Una lezione di vita, nella voce di un ventenne: «Diventare un uomo migliore: sempre quella era l’idea di Arturo Bandini, di diventare un grand’uomo, di scrollarsi la polvere della strada, di amare uomini e bestie nello stesso modo»

“Chiedi alla polvere” di John Fante ( ed Einaudi 1982)

01 novembre 2025

MI RICONOSCI di Andrea Bajani

 

«Comunque, per quanto poche, la vita lascia anche altre opzioni»

Un libro che nasce come omaggio ad Antonio Tabucchi – al suo valore di scrittore e di uomo – emigrato in Portogallo senza però recidere il legame col suo paese d’origine, in particolare con Vecchiano, in Toscana.

È la storia di un’amicizia tra due scrittori: stessa origine, stessa passione per la letteratura, stesso amore per le parole. Scritto in prima persona (dall’autore stesso) e rivolto direttamente all’amico, come una lettera a senso unico, il racconto inizia dalla fine – dal funerale di Tabucchi – per ripercorrere a ritroso la storia della loro amicizia, il vissuto e le esperienze condivise, i momenti salienti e incisivi della loro  relazione intellettuale, fino alla malattia e alla morte, il 25 marzo 2012.

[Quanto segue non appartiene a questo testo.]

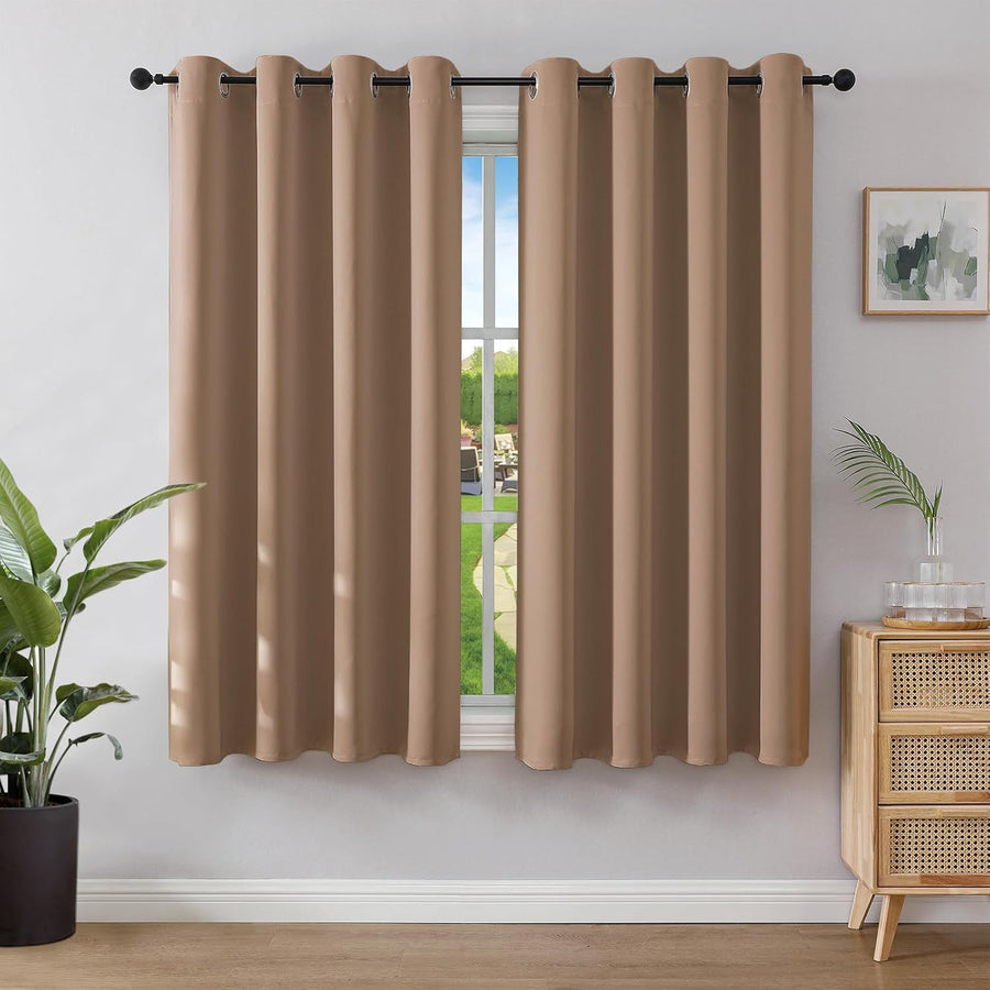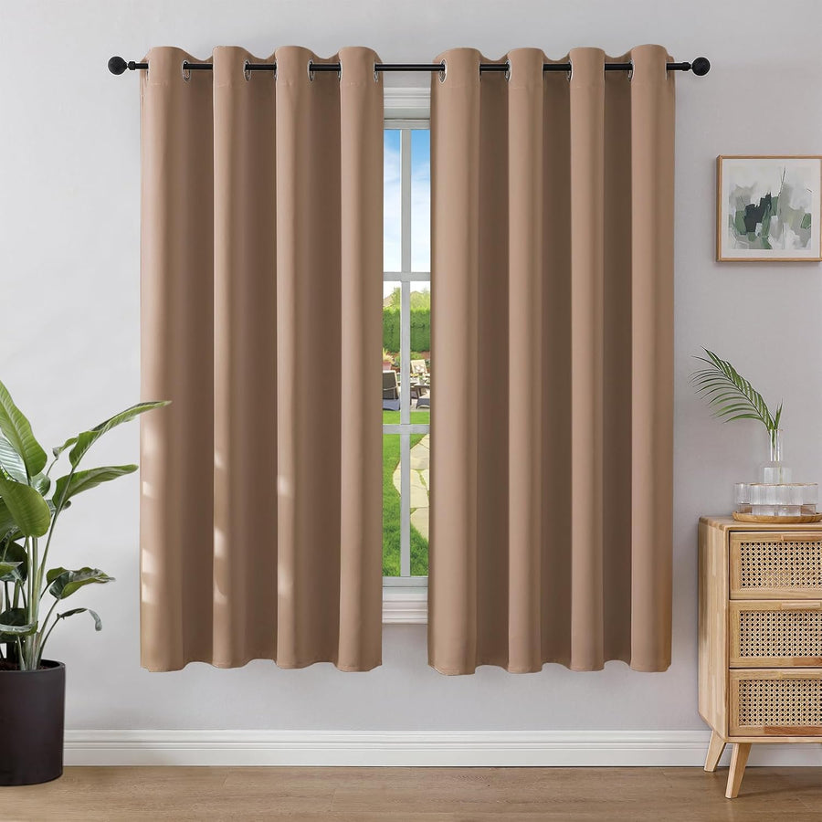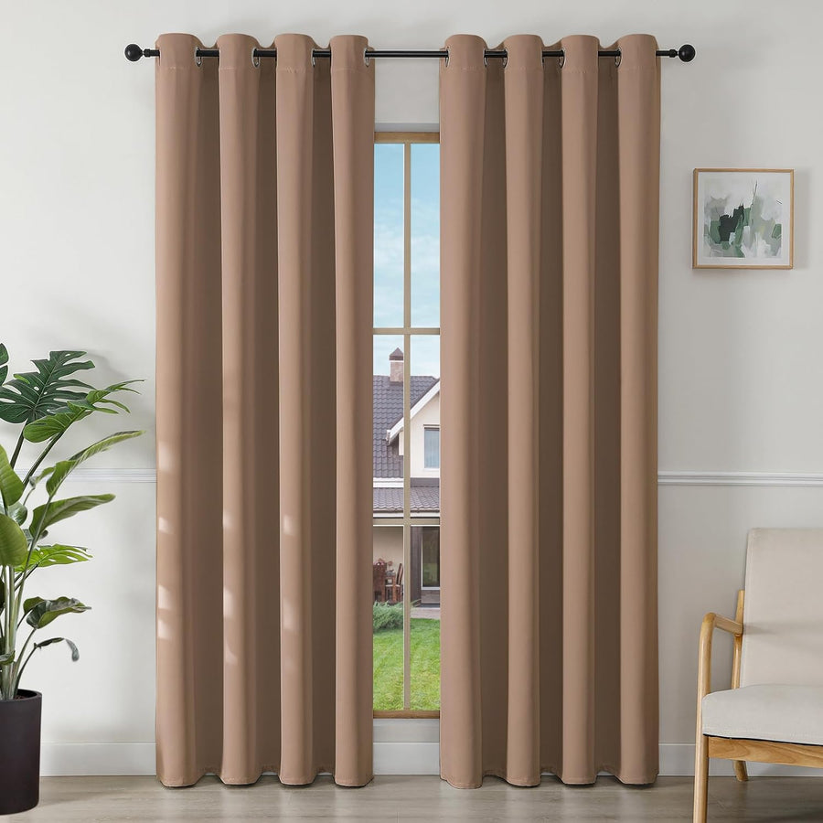 Joydeco Blickdichte Vorhänge mit Ösen Gardinen 2 Stück H 158 x B 132 Verdunkelungsvorhang Cappuccino

La malattia diviene uno spartiacque, un confine tra un prima e un dopo. Trasforma il corpo ma non l’anima, lo trasforma senza chiedere il permesso, senza possibilità di scelta. Bajani la descrive con una lucidità disarmante: «Non eri tu che la sceglievi, era la morte che ti metteva addosso la sua maschera di carnevale. Ti obbligava a una vestizione che non avevi chiesto».

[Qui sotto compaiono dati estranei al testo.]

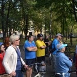 Obowiązkowym punktem wycieczki rowerowej było miejsce, w którym niegdyś znajdował się dworek założyciela Zacisza – Zygmunta Jórskiego, a także miejsce, gdzie wiek wcześniej mieszkał nauczyciel Chopina – Józef Elsner. Przy ulicy Teofila Piecyka posłuchaliśmy opowieści Stefana Wiecheckiego ,,Wiecha”. Poznaliśmy także mroczne historie Zacisza. Zobaczyliśmy miejsce, gdzie znajdowały się dwa rosyjskie forty Twierdzy Warszawa – Lewicpol i Lewinów. Wielu uczestników wycieczki zaciekawiła informacja, gdzie na Zaciszu w latach 1942-1943 prowadzono tajne kursy szkoły podchorążych Armii Krajowej 6-XXVI Obwodu Praga. Dowiedzieliśmy się także, że w okolicach ulicy Łodygowej w czasie Kampanii Wrześniowej zginął w tajemniczych okolicznościach niemiecki generał baron von Fritsch oraz że tam został pochowany. Obejrzeliśmy najbardziej dziwacznego gargamela w Warszawie. Na koniec ze specjalną dedykacją dla organizatorek z stowarzyszenia „Targówek w spódnicy” i fundacji „Otwarta przestrzeń” przejechaliśmy się rowerami tą częścią Zacisza, której ulice noszą nazwy kobiecych bohaterek literackich.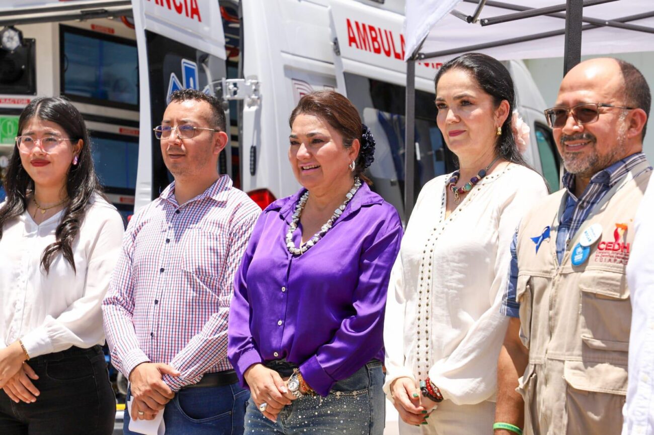 Al recibir la ambulancia, equipo de cómputo, comedores, insumos entre otros, la presidenta municipal de Tapachula Gladiola Soto Soto acompañada de la presidenta honoraria del SDIF Tapachula, Nora Raquel Soto Soto, agradeció el apoyo del organismo federal que hizo la entrega como parte del modelo Círculo de Protección en Centros de Atención a Niñez Migrante, que busca fortalecer la protección y restitución de los derechos de niñas, niños y adolescentes en contexto de movilidad humana en su paso por México.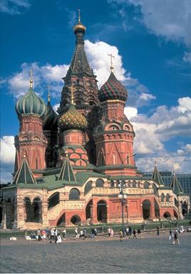 If you walk up into Red Square from the North on a snowy winter morning, you will be treated to a breathtaking sight. Like a colorful toy resting in the palm of this cobblestone field, the Cathedral of St.Vasily (Basil) the Blessed climbs into view, its jeweled domes looking more like a circus attraction than a national shrine. Perched high above the Moskva River, flanked by the stolid, gothic towers of the Kremlin fortress and the creeping commerciality of GUM, the church radiates an architectural self-confidence that is at once appealing and awe-inspiring. It is so amazingly out of place, and yet so perfectly set.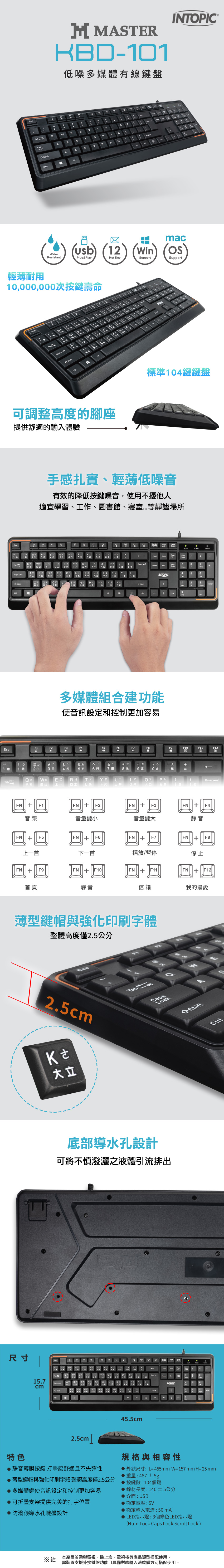 INTOPIC 低噪多媒體有線鍵盤(KBD-101)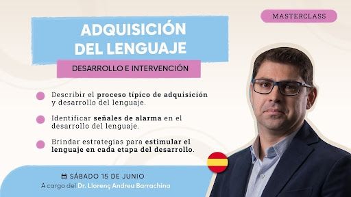 El próximo 15 de junio el Dr. Llorenç Andreu Barrachina estará dando una MasterClass sobre el desarrollo típico de la adquisición del lenguaje, en la que veremos el proceso típico de adquisición y desarrollo del lenguaje, las señales de alarma en el desarrollo del lenguaje, y las estrategias para estimular el lenguaje en cada etapa del desarrollo.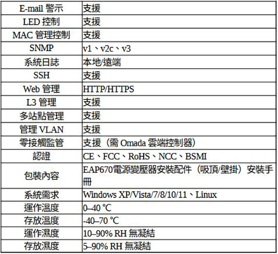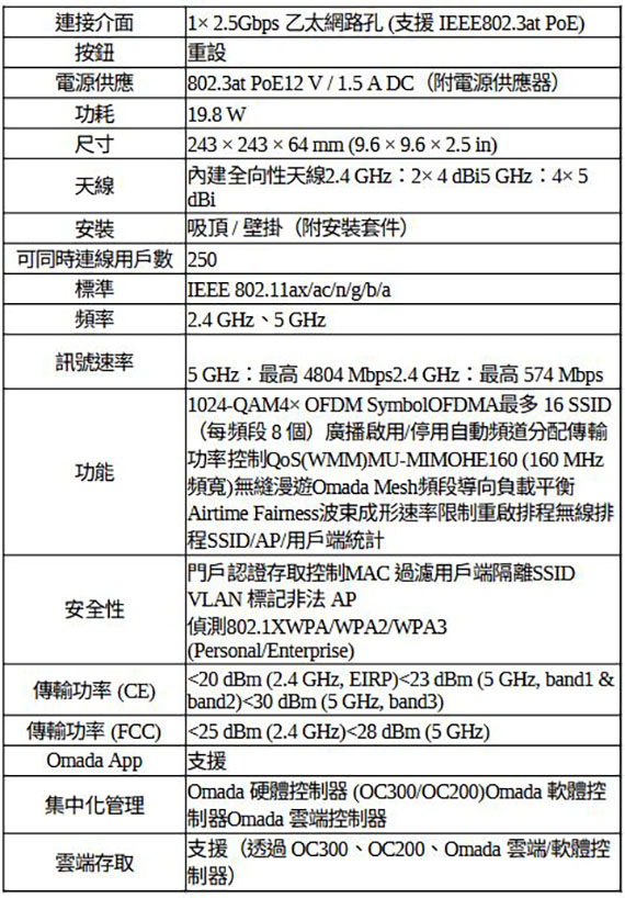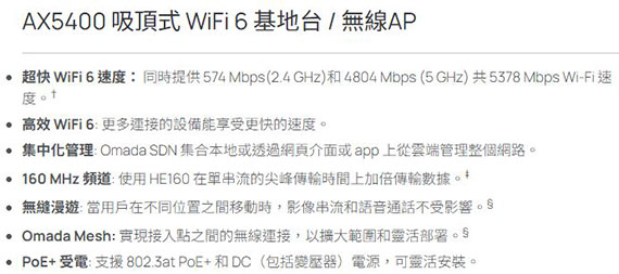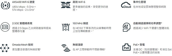 提供1埠2.5Gbps乙太網路,支援802.3at PoE+ 和DC(包括變壓器)電源, 同時提供:574Mbps(2.4 GHz) 和 4804Mbps(5 GHz) 共5378Mbps Wi-Fi速度, 160MHz頻道, 內建全向性天線, Omada SDN集合本地或透過網頁介面或app上從雲端管理整個網路, 當用戶在不同位置之間移動時,影像串流和語音通話不受影響, Omada Mesh實現接入點之間的無線連接, 吸頂/牆上壁掛(內含套件) NCC認證碼: CCAH23LPB810T1 BSMI認證碼: D38330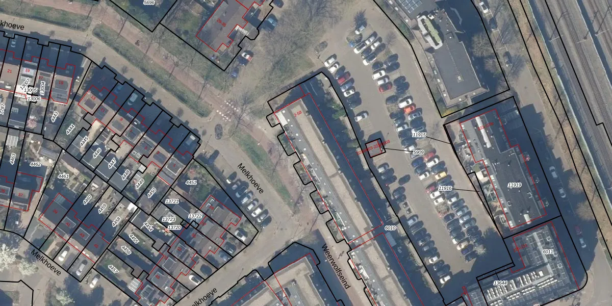 Het perceel waarop Weerwolfseind 8 staat heeft een oppervlakte van 2180 m². Dit is een zeer groot perceel. De perceeloppervlakte wordt geregistreerd door het Kadaster. Gedetailleerde informatie over de maten van dit perceel kunt u vinden in het rapport Kadastrale kaart met maatvoering van Weerwolfseind 8.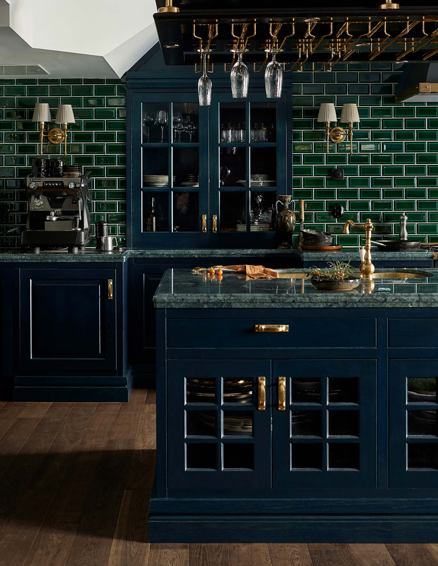 In Sweden, Officine Gullo, with its Scandinavian partnern Mygind Design has crafted two projects, both of which have stemmed from a collaboration with interior design company Himlekök: Blue Black and Burnished Brass, and Ultramarine Blue and Burnished Brass. Certain distinctive Officine Gullo products fit perfectly with the modern and refined design by the Scandinavian companies in these two kitchen spaces, resulting in an ideal pairing of bygone charm and contemporary elegance.
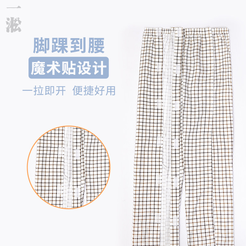 Medical chlorine-resistant bleaching cotton easy to wear and take off nursing clothes paralyzed bed-ridden fracture patient clothes elderly one-piece hospital clothes

Una frase che esclude ogni pietismo , restituendo alla morte un valore oggettivo, quasi naturale.

La storia di un’amicizia autentica, in cui si può essere sé stessi, dire ciò si pensa senza filtri, telefonarsi a notte fonda per parlare ore e poi riagganciare senza neppure un saluto formale.

Le frasi scorrono come versi, una prosa che ha il respiro della poesia, mai melensa, sempre essenziale. Dolore, malattia, sofferenza e morte pervadono il testo, restituite dall’autore come un omaggio alla vita, al valore degli affetti, dell’amicizia e dei legami veri.

In un passaggio, Tabucchi dialoga con la Morte, quasi a patteggiare con lei: prima con spavalderia, poi con rabbia, infine con accettazione.

Le descrizioni sono minuziose e singolari: non spiegano, mostrano

Ottime le metafore e similitudini che colpiscono per precisione e concretezza. Ogni emozione viene restituita attraverso un suono, un colore, un odore o una forma. È come se Bajani scavasse nelle parole per trovare alla fine, il “ tesoro” nascosto.

Mi riconosci è un libro per chi ama la buona letteratura, per chi non si accontenta di una trama ma cerca qualcosa di più: un’esperienza di stile e di verità, dove la scrittura diviene un modo per riconoscere se stessi e gli altri.